Problem
Locate the line containing "Emotionally, you have" in the material below. Copy that line and all following lines through the end exactly, omitting any pictures.

Dataset content Block Start

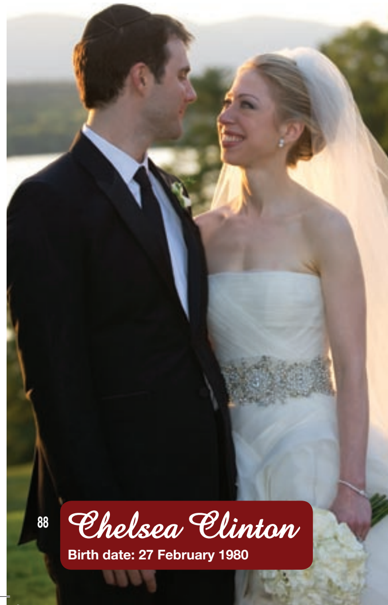
Chelsea Clinton Birth date: 27 February 1980

Emotionally, you have all the power in order to overcome crises. Do not sit back and wait for something to happen. If your loved one is located far from you, it might be the one you've always wanted to be with.
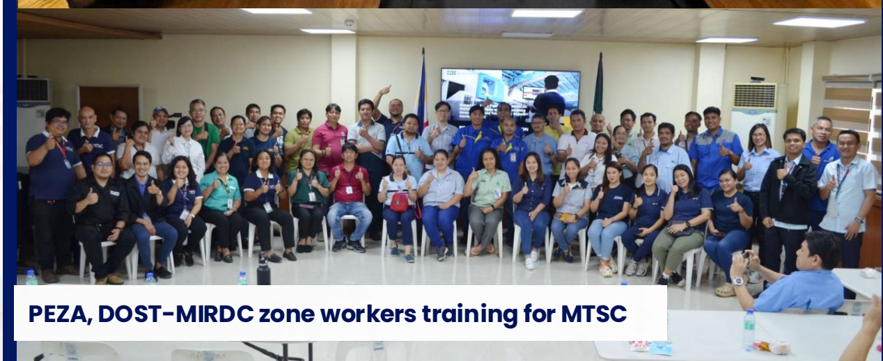
PEZA, DOST-MIRDC zone workers training for MTSC
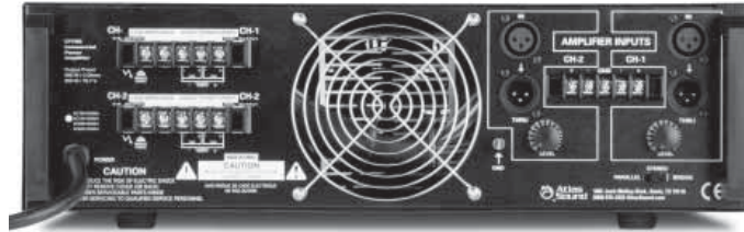
CP700 (Rear View)

Dataset content Block End

Result of the exercise
Emotionally, you have all the power in order to overcome crises. Do not sit back and wait for something to happen. If your loved one is located far from you, it might be the one you've always wanted to be with.
PEZA, DOST-MIRDC zone workers training for MTSC
CP700 (Rear View)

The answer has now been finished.